About this confusing taskId thing, I made a pull request https://github.com/elastic/elasticsearch/pull/31122 to help clarify the Elasticsearch document. Unfortunately, they rejected it. Ugh.

How to get all message history from Hipchat for a room via the API?

I was using the Hipchat API (v2) a bit today and ran into an odd issue where I was not able to really pull up all of the history for a room. It seemed as though when I queried a specific date, for example, it would only retrieve a fraction of the history for that date given. I had had plans to simply iterate across all of the dates for a Room to extract the history in a format that I could use, but ended up hitting this and am now unsure if it is really possible to pull out the history fully.

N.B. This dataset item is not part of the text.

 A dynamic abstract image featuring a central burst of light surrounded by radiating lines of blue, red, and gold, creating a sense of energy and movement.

I realize that this is a bit clunky. It is pulling the JSON as a string and then I have to form it into a hash so I know I'm not doing this as good as it could be done, but here is roughly what I quickly did just to test out the history method for the API:
api_token = "MY_TOKEN"
client = HipChat::Client.new(api_token, :api_version => 'v2')
history = client['ROOM_NAME'].history
history = JSON.parse(history)
history.each do |key, history|
if history.is_a? Array
history.each do |message|
if message.is_a? Hash
puts "#{message['from']['name']}: #{message['message']}"
end
end
end
end
Obviously then the extension to that was to just curse through the dates in the desired range (using: client['ROOM_NAME'].history(:date => '2010-11-19', :timezone => 'PST')), but again, I was only getting a fraction of the history for the room. Are there some additional parameters that I'm missing for this to make it work as expected?

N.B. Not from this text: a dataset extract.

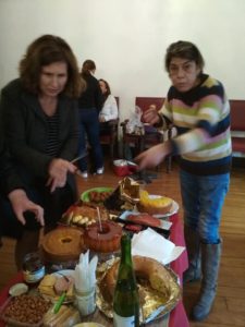 A mesa estava recheada. As participantes nas sessões de grupo do projeto “Nós, os cuidadores” decidiram confecionar algumas iguarias e contribuir para o lanche que junta as cuidadoras dos diferentes grupos deste projeto num convívio informal. É preciso destacar o folar transmontano da dona Adelaide, o pudim ao jeito de Abade de Priscos da dona Maria de Fátima (ah, também os deliciosos bolinhos de bacalhau) e o bolo da Bimbi da dona Alexandra.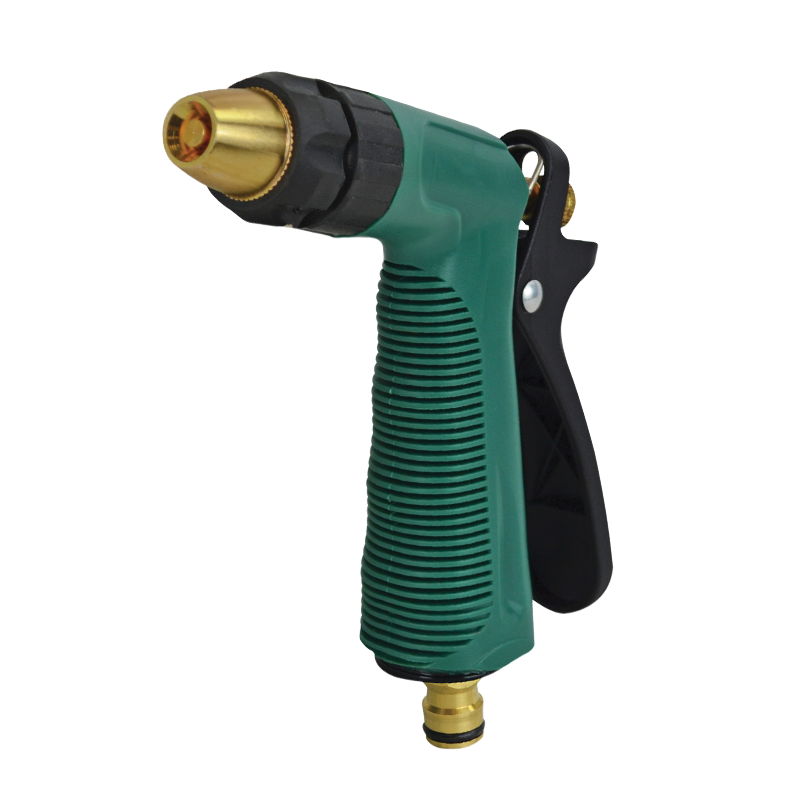 Hand spray gun has a brass nozzle, zinc alloy body and solid brass hose connector. The spray gun also has a comfort grip handle and adjusts from mist to a powerful stream.

I got this working but it was a big pain.
Start by sending a query with the current time, in UTC, but without including the time zone, as the start date:
https://internal-hipchat-server/v2/room/2/history?reverse=false&date=2015-06-25T20:42:18.658439&max-results=1000&auth_token=XXX
This is very fiddly:
If you specify just the current date, without a timezone, as documented in the API, it is interpreted as midnight last night and you only get messages from yesterday or older.
If you try specifying tomorrow’s date instead, the response is 400 Bad Request This day has not yet come to pass.
If you specify the time as 2015-06-25T20:42:18.658439+00:00, which is the format that times come in HipChat API responses, HipChat’s parser seems to fail and interpret it as midnight last night.
When you get the response back, take the oldest items.date property, strip the timezone, and resubmit the above URL with an updated date parameter:
https://internal-hipchat-server/v2/room/2/history?reverse=false&date=2015-06-17T19:56:34.533182&max-results=1000&auth_token=XXX
Be sure to include the microseconds, in case a notification posted multiple messages to the same room in the same second.
This will get you the next page of messages. Keep doing this until you get fewer than max-results messages back.
There is a start-index parameter I tried passing before I got the above working, and it will give you a few pages of results, with responses lacking a links.next property, but it won’t give you the full history. On a chatroom with 9166 messages in the history according to statistics.messages_sent, it only returned 3217 messages. So don’t use it. You can use statistics.messages_sent as a sanity check for whether you get all messages.
Oh yeah, and the last_active property in the /v2/room call cannot be trusted because it doesn’t update when notification messages are posted to the room.